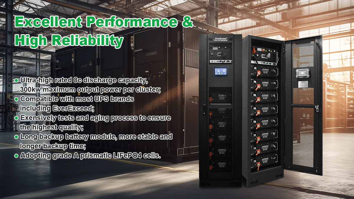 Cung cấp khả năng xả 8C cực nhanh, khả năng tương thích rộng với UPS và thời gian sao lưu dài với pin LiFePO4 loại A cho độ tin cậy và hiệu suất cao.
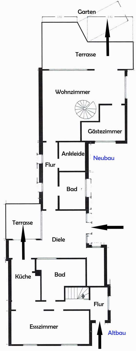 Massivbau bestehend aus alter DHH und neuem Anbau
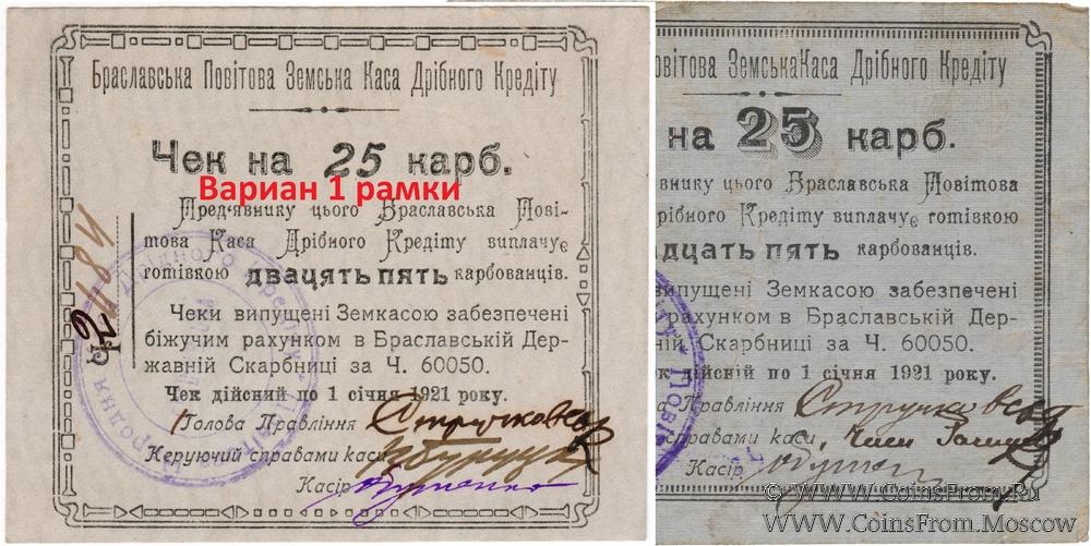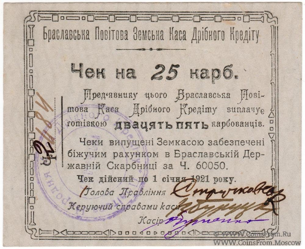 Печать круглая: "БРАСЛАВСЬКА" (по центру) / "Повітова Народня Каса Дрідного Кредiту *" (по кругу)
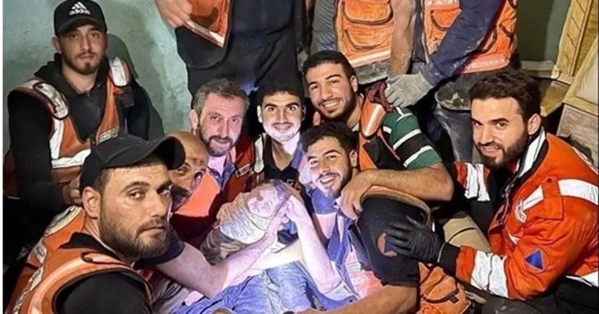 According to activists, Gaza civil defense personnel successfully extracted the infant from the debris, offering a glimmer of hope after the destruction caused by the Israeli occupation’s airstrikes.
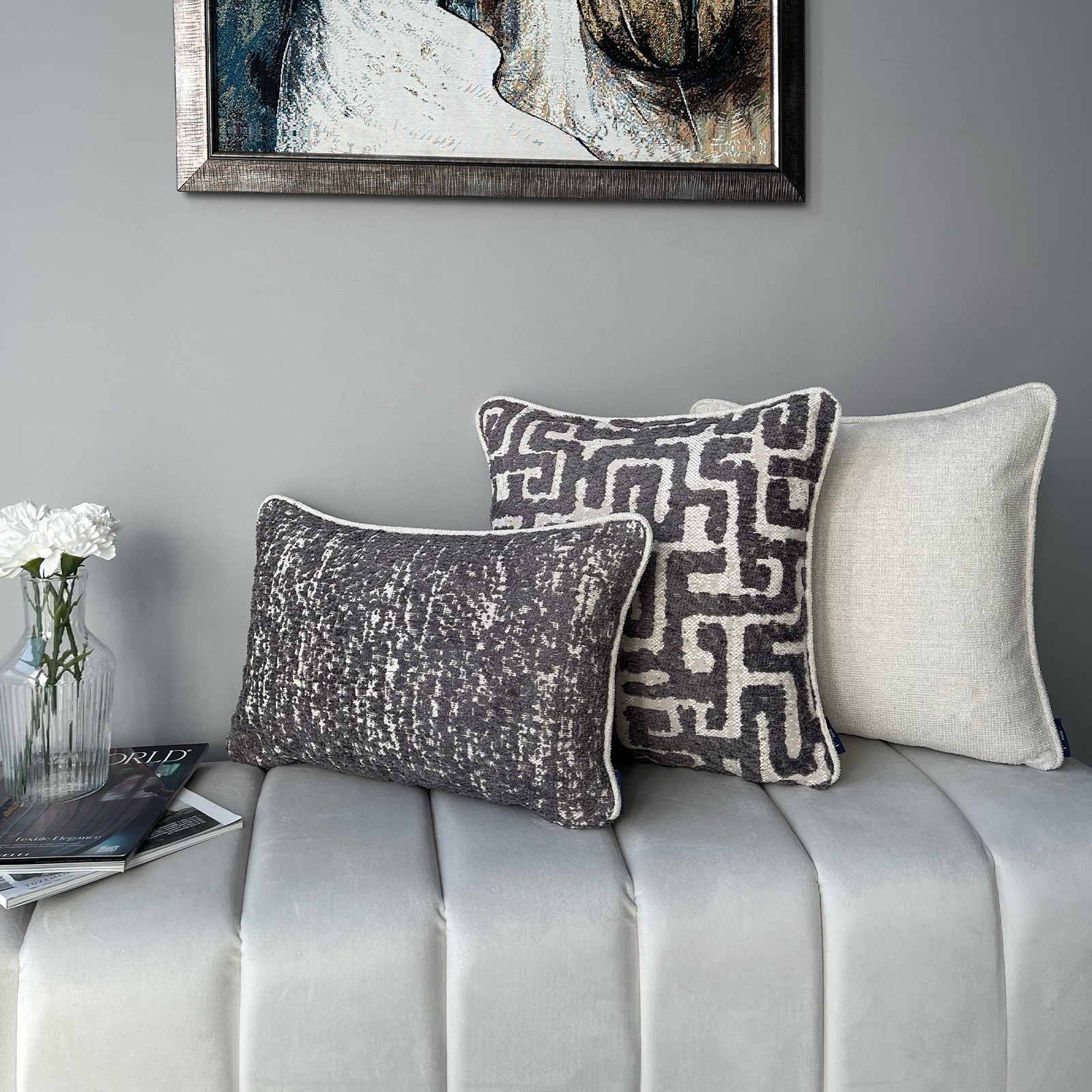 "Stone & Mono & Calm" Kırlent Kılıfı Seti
# # # # #
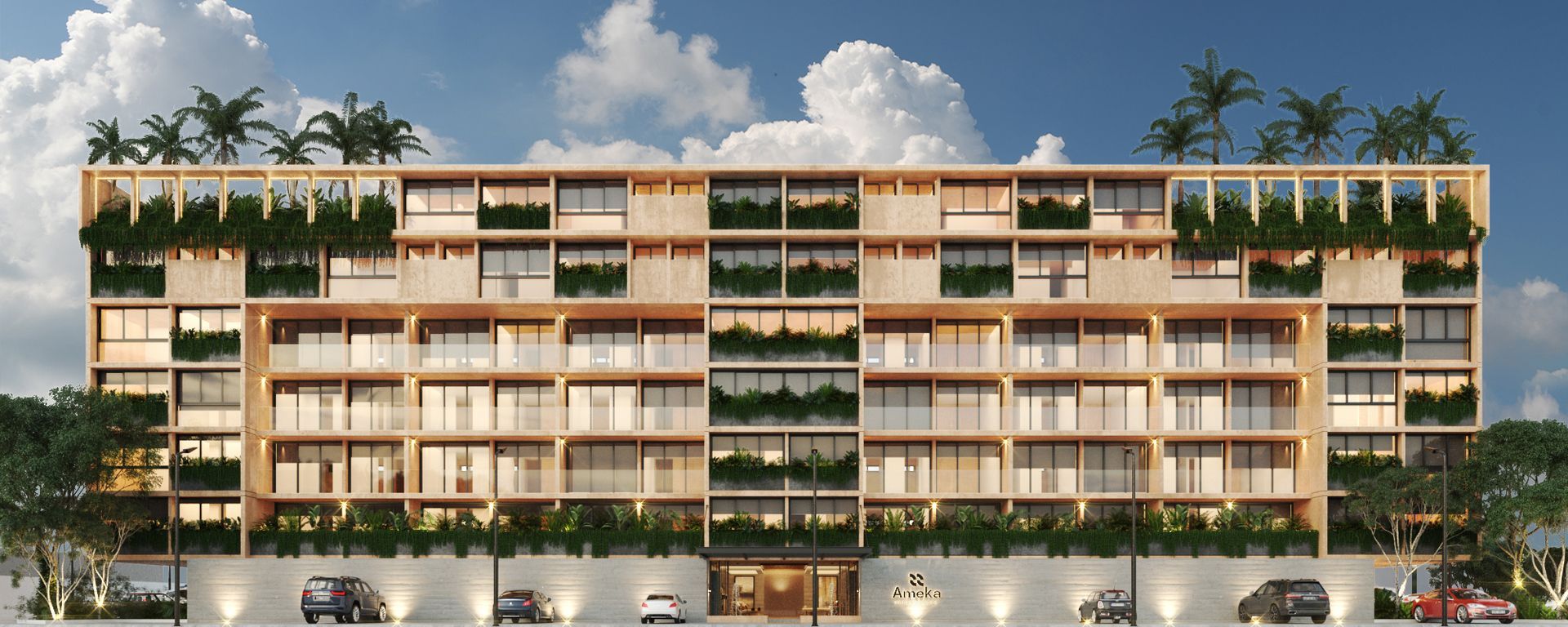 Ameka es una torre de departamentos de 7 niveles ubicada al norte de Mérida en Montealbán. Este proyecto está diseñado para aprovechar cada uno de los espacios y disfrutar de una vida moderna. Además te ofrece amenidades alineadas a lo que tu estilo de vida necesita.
# # # # #
> Task instructions: Retype only the lines above from the one with "According to activists, Gaza" through the one with "Kırlent Kılıfı Seti", exactly and with both ends. Images stay out.

> Answer box:
 According to activists, Gaza civil defense personnel successfully extracted the infant from the debris, offering a glimmer of hope after the destruction caused by the Israeli occupation’s airstrikes.
 "Stone & Mono & Calm" Kırlent Kılıfı Seti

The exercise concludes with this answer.